Take the records below and set down exactly the lines from the one with "As we are a" to the one with "วันอังคารที่ 13 สิงหาคม", ends included; do not copy the pictures.

====== THE DATA ======

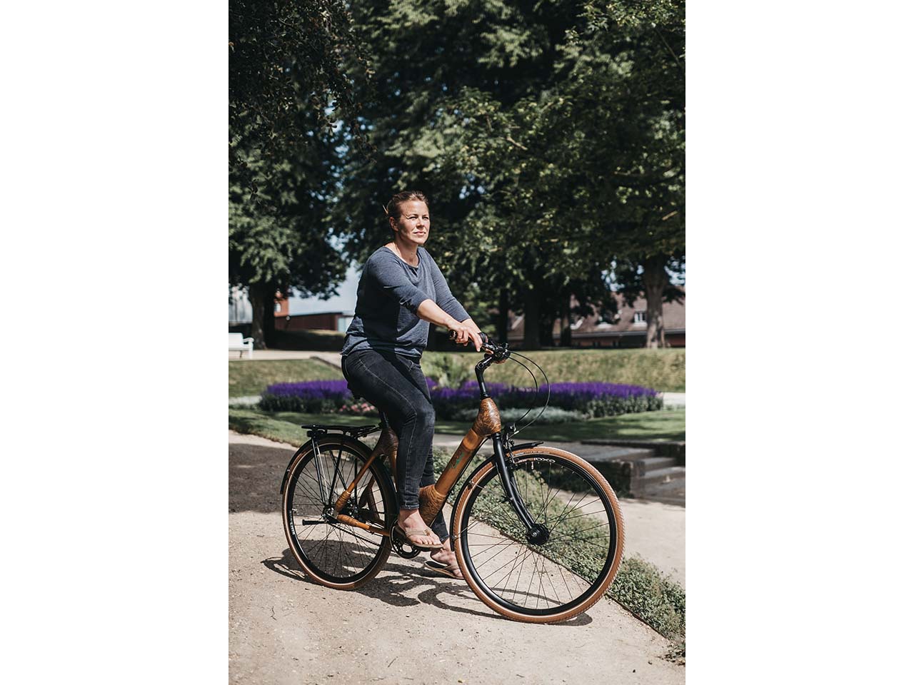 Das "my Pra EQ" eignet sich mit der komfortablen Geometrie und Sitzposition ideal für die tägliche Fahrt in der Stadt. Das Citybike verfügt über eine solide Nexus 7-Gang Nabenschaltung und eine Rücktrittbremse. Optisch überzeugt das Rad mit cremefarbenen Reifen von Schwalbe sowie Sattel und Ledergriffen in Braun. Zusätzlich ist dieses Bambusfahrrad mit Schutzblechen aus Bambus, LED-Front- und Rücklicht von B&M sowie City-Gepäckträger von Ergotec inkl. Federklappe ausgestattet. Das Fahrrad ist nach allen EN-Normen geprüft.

======
====== THE DATA ======

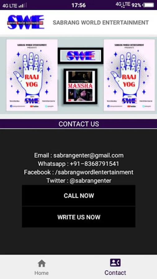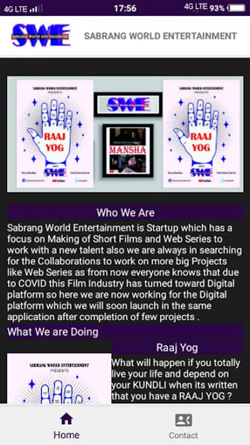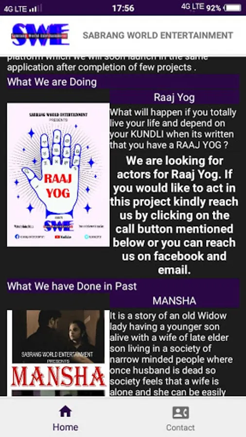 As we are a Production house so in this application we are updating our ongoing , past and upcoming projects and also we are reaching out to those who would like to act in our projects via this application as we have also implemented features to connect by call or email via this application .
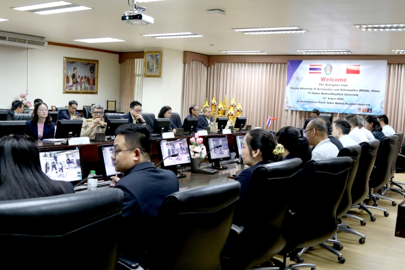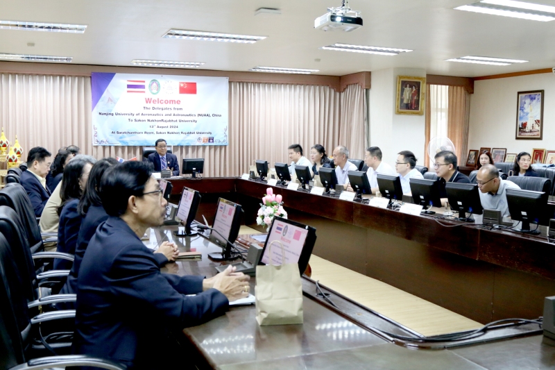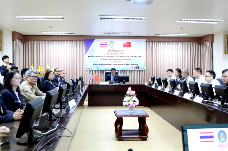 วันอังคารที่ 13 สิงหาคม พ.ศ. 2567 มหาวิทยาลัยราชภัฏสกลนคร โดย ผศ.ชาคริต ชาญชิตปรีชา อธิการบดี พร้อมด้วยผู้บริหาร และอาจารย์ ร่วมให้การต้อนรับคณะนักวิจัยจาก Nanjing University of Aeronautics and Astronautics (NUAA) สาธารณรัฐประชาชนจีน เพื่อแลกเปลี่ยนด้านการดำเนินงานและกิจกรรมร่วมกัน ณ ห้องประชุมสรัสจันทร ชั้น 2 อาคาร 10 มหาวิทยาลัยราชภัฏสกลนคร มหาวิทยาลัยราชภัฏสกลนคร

======

[RESULT OF THE EXERCISE]
 As we are a Production house so in this application we are updating our ongoing , past and upcoming projects and also we are reaching out to those who would like to act in our projects via this application as we have also implemented features to connect by call or email via this application .
 วันอังคารที่ 13 สิงหาคม พ.ศ. 2567 มหาวิทยาลัยราชภัฏสกลนคร โดย ผศ.ชาคริต ชาญชิตปรีชา อธิการบดี พร้อมด้วยผู้บริหาร และอาจารย์ ร่วมให้การต้อนรับคณะนักวิจัยจาก Nanjing University of Aeronautics and Astronautics (NUAA) สาธารณรัฐประชาชนจีน เพื่อแลกเปลี่ยนด้านการดำเนินงานและกิจกรรมร่วมกัน ณ ห้องประชุมสรัสจันทร ชั้น 2 อาคาร 10 มหาวิทยาลัยราชภัฏสกลนคร มหาวิทยาลัยราชภัฏสกลนคร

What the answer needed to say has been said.